I was originally going to post this as a topic on a forum, but then I realized it was so random that I should just stick with one thing and save the rest for a later date. So, I figured I’d just post all of it in here!! yay!!
Alright, so I’m still a confused pup and I’ve been back and forth so much lately that I’m not even going to try and explain myself. One minute im a Christian, next minute I’m not, and that continues back and forth for weeks on end. I’m sick of it. I want to know the truth, but I can’t figure out how. I’ve heard all sorts of logical things, and I’ve heard all sorts of Biblical things and Christians trying to pull me back. Sometimes it actually works: thus me going back and forth.

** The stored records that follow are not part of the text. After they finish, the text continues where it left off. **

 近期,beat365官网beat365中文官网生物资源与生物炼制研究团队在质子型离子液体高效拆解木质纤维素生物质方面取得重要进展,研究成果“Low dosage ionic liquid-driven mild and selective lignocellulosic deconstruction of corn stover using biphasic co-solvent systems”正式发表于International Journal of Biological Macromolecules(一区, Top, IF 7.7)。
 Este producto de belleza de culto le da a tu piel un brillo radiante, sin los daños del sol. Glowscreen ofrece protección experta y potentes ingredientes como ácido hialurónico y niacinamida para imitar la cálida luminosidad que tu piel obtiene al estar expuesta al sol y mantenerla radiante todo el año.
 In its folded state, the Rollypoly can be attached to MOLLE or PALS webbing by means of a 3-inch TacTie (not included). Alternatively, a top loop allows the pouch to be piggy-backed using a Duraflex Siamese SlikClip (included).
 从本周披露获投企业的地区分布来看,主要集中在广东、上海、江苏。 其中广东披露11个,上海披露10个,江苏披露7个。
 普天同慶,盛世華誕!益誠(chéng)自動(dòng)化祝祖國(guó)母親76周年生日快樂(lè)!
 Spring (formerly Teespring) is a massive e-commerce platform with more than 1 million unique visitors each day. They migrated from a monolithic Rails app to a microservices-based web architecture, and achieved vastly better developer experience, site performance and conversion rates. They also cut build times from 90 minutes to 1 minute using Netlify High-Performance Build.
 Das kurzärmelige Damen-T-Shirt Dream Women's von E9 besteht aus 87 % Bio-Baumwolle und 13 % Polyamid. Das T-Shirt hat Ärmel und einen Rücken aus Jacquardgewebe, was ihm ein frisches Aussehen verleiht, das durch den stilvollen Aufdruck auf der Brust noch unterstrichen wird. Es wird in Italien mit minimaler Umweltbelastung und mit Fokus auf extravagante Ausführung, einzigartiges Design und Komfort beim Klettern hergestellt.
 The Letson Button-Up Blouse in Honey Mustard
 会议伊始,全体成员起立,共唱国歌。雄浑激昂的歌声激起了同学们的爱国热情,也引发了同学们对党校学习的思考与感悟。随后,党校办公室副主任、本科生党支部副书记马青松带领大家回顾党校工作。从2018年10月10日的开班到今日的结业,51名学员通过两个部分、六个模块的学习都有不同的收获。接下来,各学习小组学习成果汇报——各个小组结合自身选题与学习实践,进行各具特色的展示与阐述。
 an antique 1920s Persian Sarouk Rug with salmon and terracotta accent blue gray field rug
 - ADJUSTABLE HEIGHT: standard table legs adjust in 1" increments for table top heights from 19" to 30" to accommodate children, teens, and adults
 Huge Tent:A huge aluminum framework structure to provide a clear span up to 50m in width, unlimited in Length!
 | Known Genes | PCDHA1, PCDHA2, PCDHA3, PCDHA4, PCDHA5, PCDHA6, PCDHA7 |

Am I arrogant for not believing? Thats what I keep getting called. Is it true? How is a person arrogant for saying they don’t believe in God?
How do you know how to know?
How do you know there is a God?
What keeps you striving to keep going?
For the longest time i was in this spot where i didn’t feel god at all, and i was upset that god would let me be in this state…that if he was real and he saw my heart then why wouldn’t he reveal himself to me. Was it my fault? Did I deserve it?
I don’t know what I believe. I really want to be a Christian. I just don’t have the strive to do so. And frankly, I don’t feel God anymore. I haven’t for at least a year. Is it because I somehow convinced myself there is no God? How do I feel God, know God, believe in God.